So, the production RDBMS Oracle server is finally now being evacuate to an other machine. Hum... Hope to see better enterprise experience using the mdadm package to handle RAID software, instead of mirror (RAID-1) LVM. Maybe more about that in an other blog entry?

Tuesday 16 September 2008

Announcing Solaris 10 10/08

Although this seems a little bit confident, the long-awaited Update 6 to the Solaris 10 operating system release is just behind the door. This release (scheduled to be available in mid-October) will includes virtualization enhancements including the ability for a Solaris Container to automatically update its environment when moved from one system to another, Logical Domains support for dynamically reconfigurable disk and network I/O, and paravirtualization support when Solaris 10 is used as a guest OS in Xen-based environments such as Sun xVM Server. Solaris 10 10/08 also includes support for the latest systems from Sun and other vendors, such as those based on the Intel Xeon Processor 7400 Series.

This release will be the very first Solaris release to be able to boot from ZFS and use it as their root file system, such as what can be found on OpenSolaris or Solaris Express Community Release today.

Check the What’s New web page for Solaris, and consult the Solaris Media Gallery videos for more information.

Update #1 (2008-10-14): Don't forget to consult the must read What's New in Solaris 10 10/08? from the San Antonio OpenSolaris User Group.

Update #2 (2008-10-31): Get yours, and go reading the official What's New in the Solaris 10 10/08 Release page.

Friday 16 May 2008

Comparison: EMC PowerPath vs.
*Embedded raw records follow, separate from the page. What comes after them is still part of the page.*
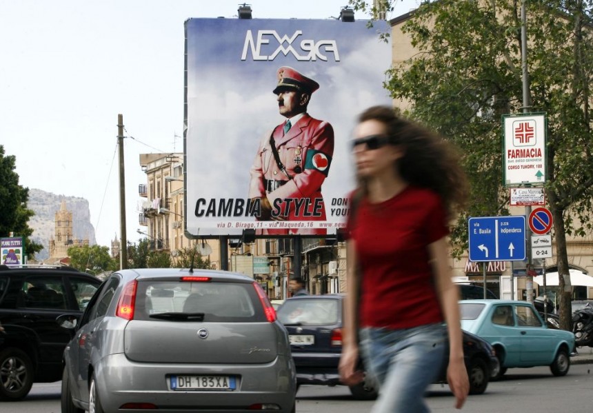 Daudzu Sicīlijas iedzīvotāju neizpratni izraisījis reklāmas plakāts, kurā Ādolfs Hitlers redzams reklamējam kādu apģērbu veikalu.
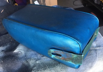 Install and glue the new carpeting to the back of the seat. Use weight plates to hold it nice and flat while it dries. Clean up the hinges, and put a coat of POR15 on the cast iron pieces that bolt to the floor of the car,
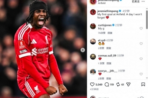 弗林蓬社媒曬出慶祝進(jìn)球的照片,配文:“我在安菲爾德的首粒進(jìn)球,我永遠(yuǎn)不會(huì)忘記的一天?!?/p>
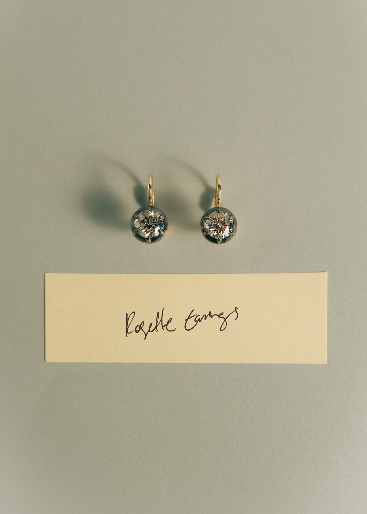 Modern radiance with vintage depth. The Rosette Earrings feature round brilliant diamonds framed in dark rhodium-accented gold, creating a striking contrast that highlights every facet. Suspended from polished gold hooks, the design moves gracefully with the wearer—equal parts bold and refined.
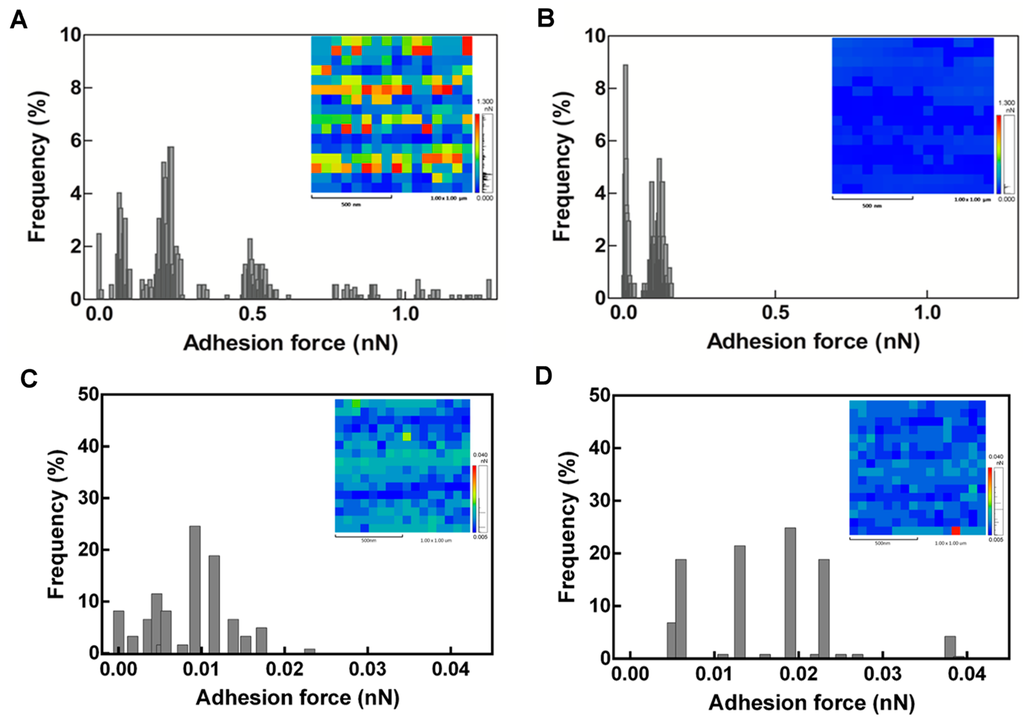 AFM maps and histograms of the adhesion force between the tip and the sample surface of the leaf midribs (A,B) and latex (C,D) of healthy (A,C) and diseased papaya plants (B,D). The vertical axis shows the frequency of the adhesion force in a 1000-nm lateral scan of 256 force curves, and the insets are the corresponding force maps.
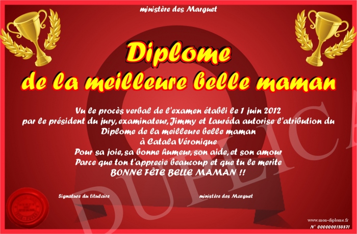 Envoyez par email votre Diplôme de la meilleure belle maman personalisé
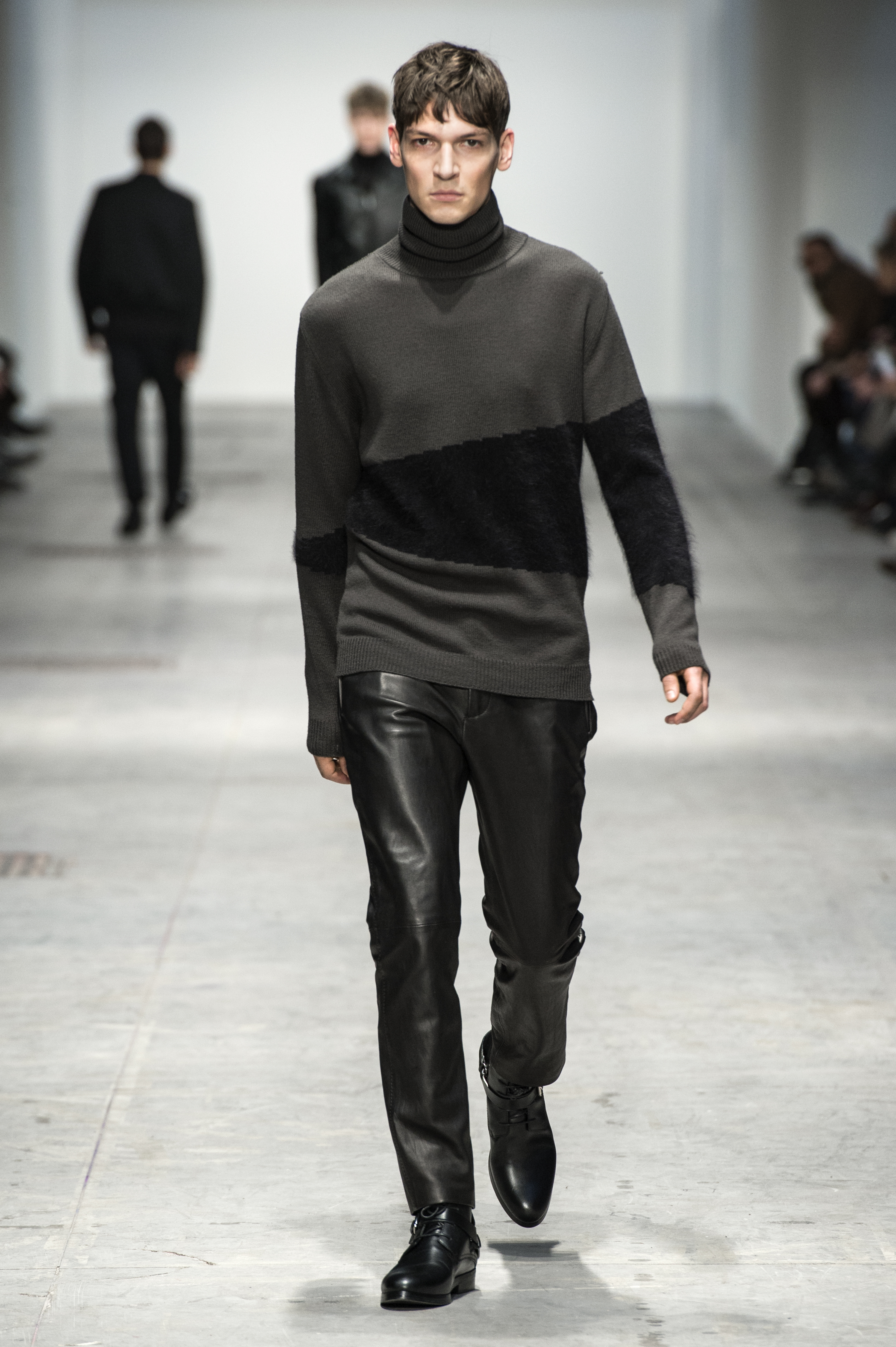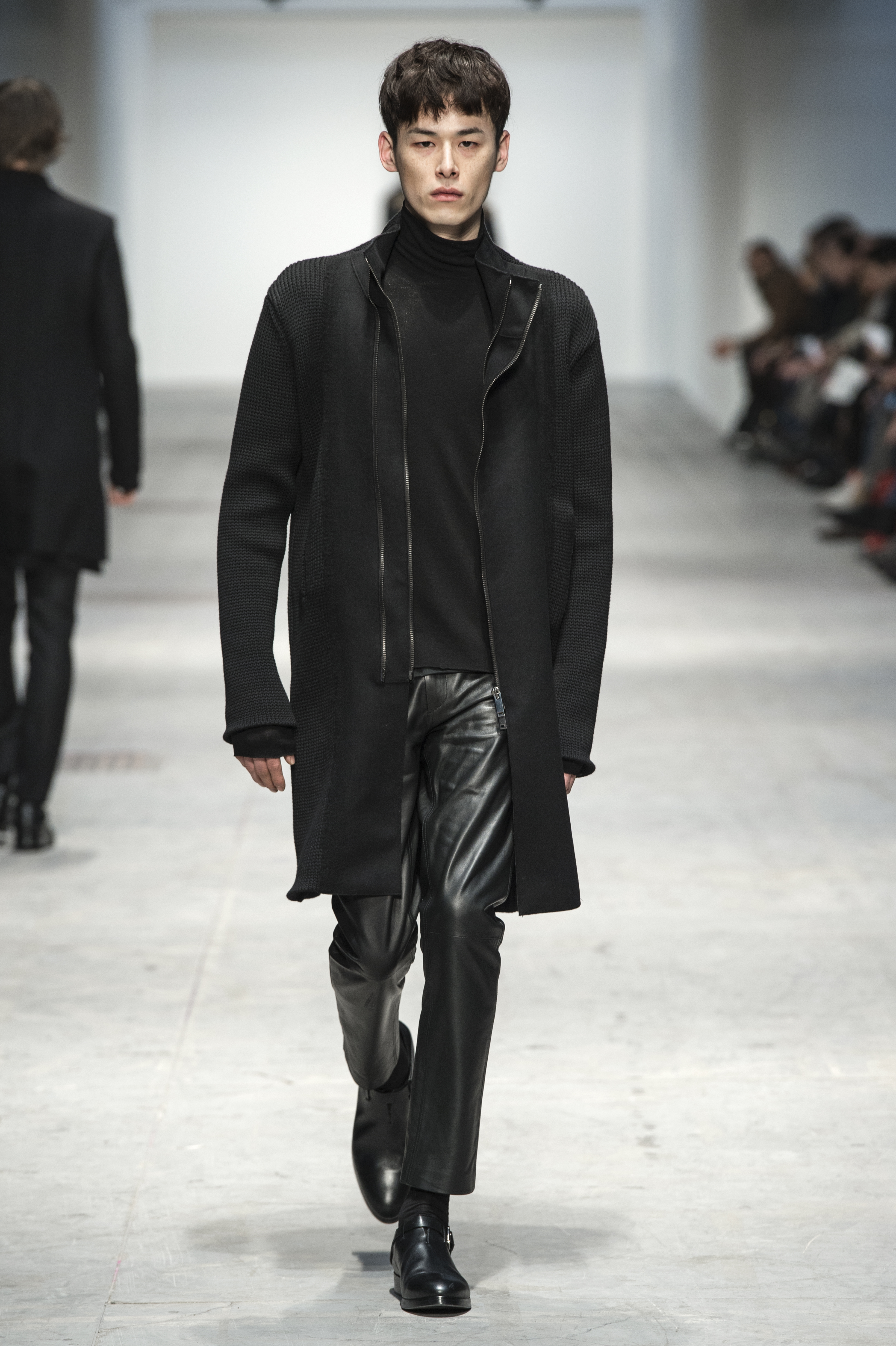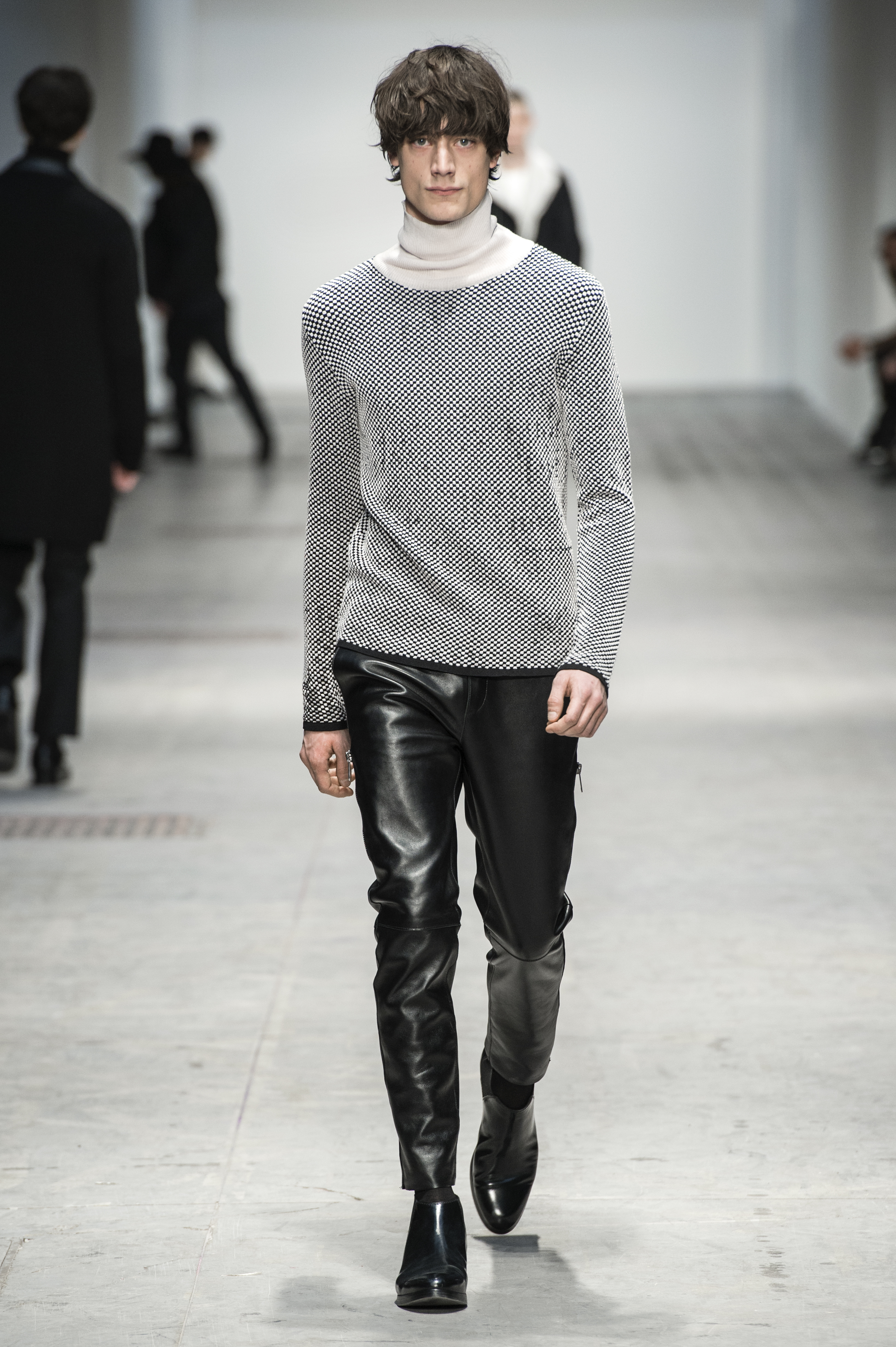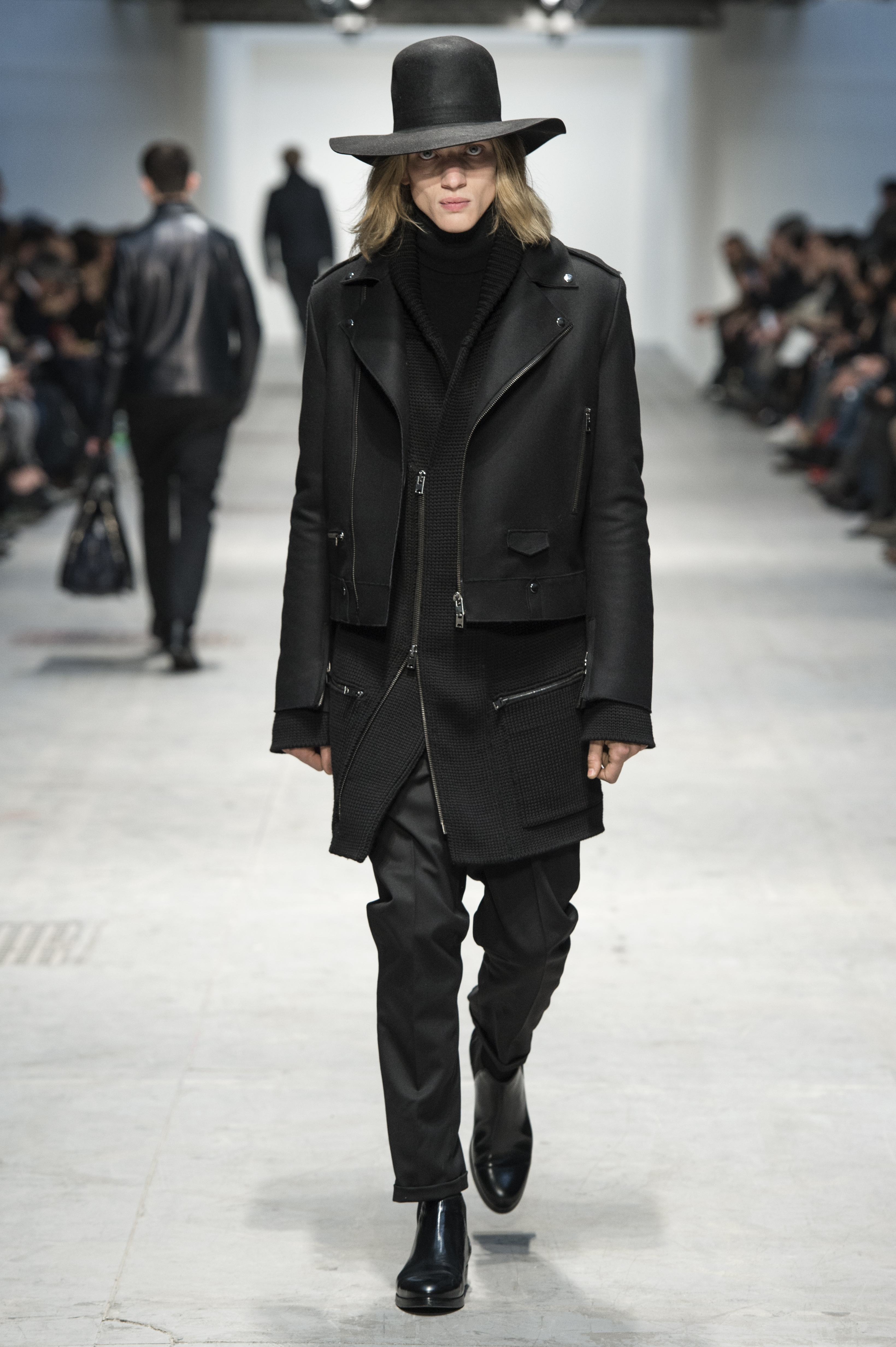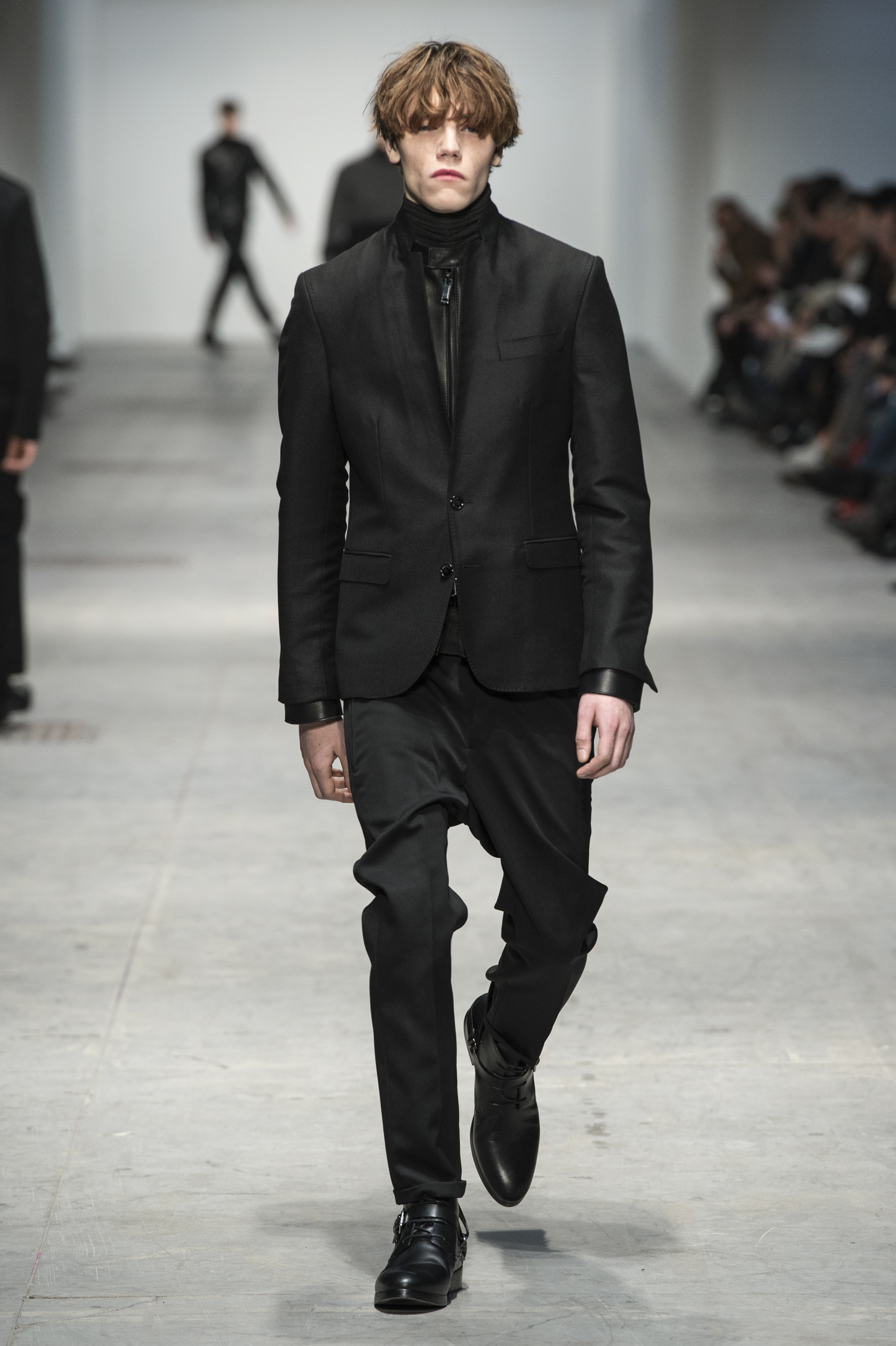 Alors oui le noir est omniprésent mais est-ce que cela rend la collection ennuyeuse ? Pas du tout! Le designer italien est passé maitre dans l’art subtil du mélange de matière et nous propose dès ses premiers looks de la laine mariée avec du cuir. Les zips sont partout, aussi bien sur les vestes que les manteaux et le créateur derrère CoSTUME NATIONAL s’amuse des longueurs et fait se recontrer ces deux pièces de la garde robe.

GNU/Linux dm-multipath

I will present some notes about the use of multipath solutions on Red Hat systems: EMC PowerPath and GNU/Linux dm-multipath. Along those notes, keep in mind that they were based on tests done when pressure was very high to put new systems in production, so lack of time resulted in less complete tests than expected. These tests were done more than a year ago, and so before the release of RHEL4 Update 5 and some of RHBA related to both LVM and dm-multipath technologies.

Keep in mind that without purchasing an appropriate EMC license, PowerPath can only be used in failover mode (active-passive mode). Multiple paths accesses are not supported in this case: no round-robin, and no I/O load balancer for example.

EMC PowerPath

Advantages

  1. Not specific to the SAN Host Bus Adapter (HBA).
  2. Support for multiple and heterogeneous SAN storage provider.
  3. Support for most UNIX and Unix-like platforms.
  4. Without a valid license, can only work in degraded mode (failover).
  5. Is not sensible to a change in the SCSI LUN renumbering. Adapt accordingly the corresponding multiple sd devices (different paths to a given device) with its multipath definition of the emcpower device.
  6. Provide easily the ID of the SAN storage.

Drawbacks

  1. Not integrated with the operating system (which generally has its own solution).
  2. The need to force a RPM re-installation in case of a kernel upgrade on RHEL systems (due to the fact that kernel modules are stored in a path containing the exact major and minor versions of the installed (booted) kernel.
  3. Non-automatic update procedure.

GNU/Linux device-mapper-multipath

Advantages

  1. Not specific to the SAN Host Bus Adapter (HBA).
  2. Support for multiple and heterogeneous SAN storage provider.
  3. Well integrated with the operating system.
  4. Automatic update using RHN (you must be a licensed and registered user in this case).
  5. No additional license cost.

Drawbacks

  1. Only available on GNU/Linux systems.
  2. Configuration (files and keywords) very tedious and difficult.
  3. Without the use of LVM (Logical Volume Management), it has not the ability to follow SCSI LUN renumbering! Even in this case, be sure not to have blacklisted the newly discovered SCSI devices (sd).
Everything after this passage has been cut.